#### [ASSIGNMENT]
Every line of the listing must be reproduced as it stands. Leave the images behind.

#### [SUPPLIED MATERIAL]
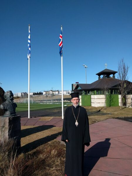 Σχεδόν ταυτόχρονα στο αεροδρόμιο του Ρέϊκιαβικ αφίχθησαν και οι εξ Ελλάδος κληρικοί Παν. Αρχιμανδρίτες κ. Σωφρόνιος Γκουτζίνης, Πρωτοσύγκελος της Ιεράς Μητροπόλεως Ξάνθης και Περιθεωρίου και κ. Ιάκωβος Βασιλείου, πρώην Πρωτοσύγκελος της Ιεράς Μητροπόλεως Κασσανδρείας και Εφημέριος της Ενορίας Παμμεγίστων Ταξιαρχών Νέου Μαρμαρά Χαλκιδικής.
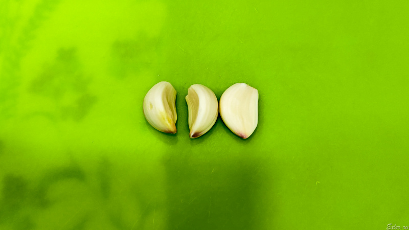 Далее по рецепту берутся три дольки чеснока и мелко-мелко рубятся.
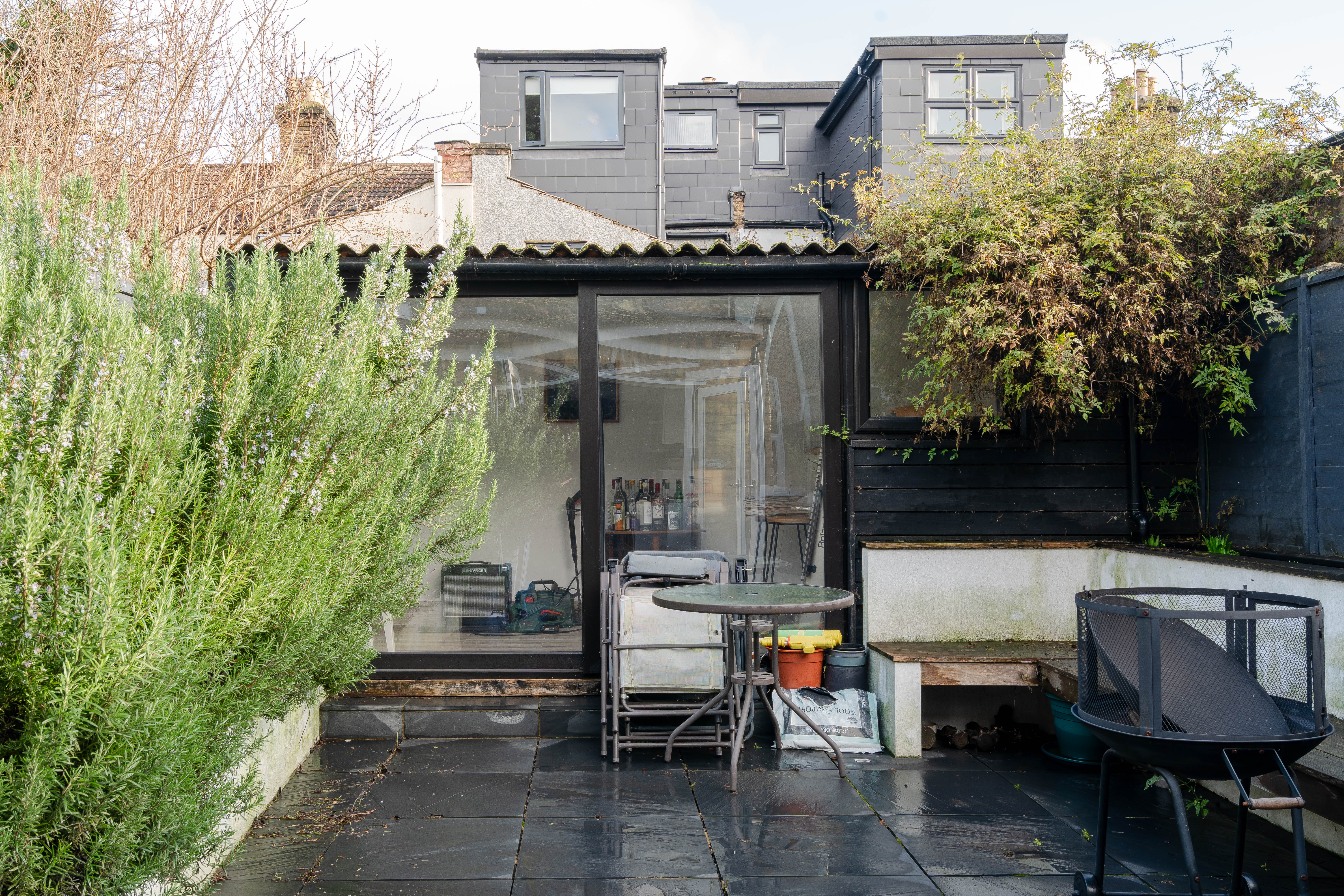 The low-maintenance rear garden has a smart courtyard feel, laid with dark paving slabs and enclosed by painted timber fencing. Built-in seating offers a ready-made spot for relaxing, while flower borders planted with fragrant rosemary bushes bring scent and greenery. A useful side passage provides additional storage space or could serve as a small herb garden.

#### [ANSWER TO THIS PROBLEM]
 Σχεδόν ταυτόχρονα στο αεροδρόμιο του Ρέϊκιαβικ αφίχθησαν και οι εξ Ελλάδος κληρικοί Παν. Αρχιμανδρίτες κ. Σωφρόνιος Γκουτζίνης, Πρωτοσύγκελος της Ιεράς Μητροπόλεως Ξάνθης και Περιθεωρίου και κ. Ιάκωβος Βασιλείου, πρώην Πρωτοσύγκελος της Ιεράς Μητροπόλεως Κασσανδρείας και Εφημέριος της Ενορίας Παμμεγίστων Ταξιαρχών Νέου Μαρμαρά Χαλκιδικής.
 Далее по рецепту берутся три дольки чеснока и мелко-мелко рубятся.
 The low-maintenance rear garden has a smart courtyard feel, laid with dark paving slabs and enclosed by painted timber fencing. Built-in seating offers a ready-made spot for relaxing, while flower borders planted with fragrant rosemary bushes bring scent and greenery. A useful side passage provides additional storage space or could serve as a small herb garden.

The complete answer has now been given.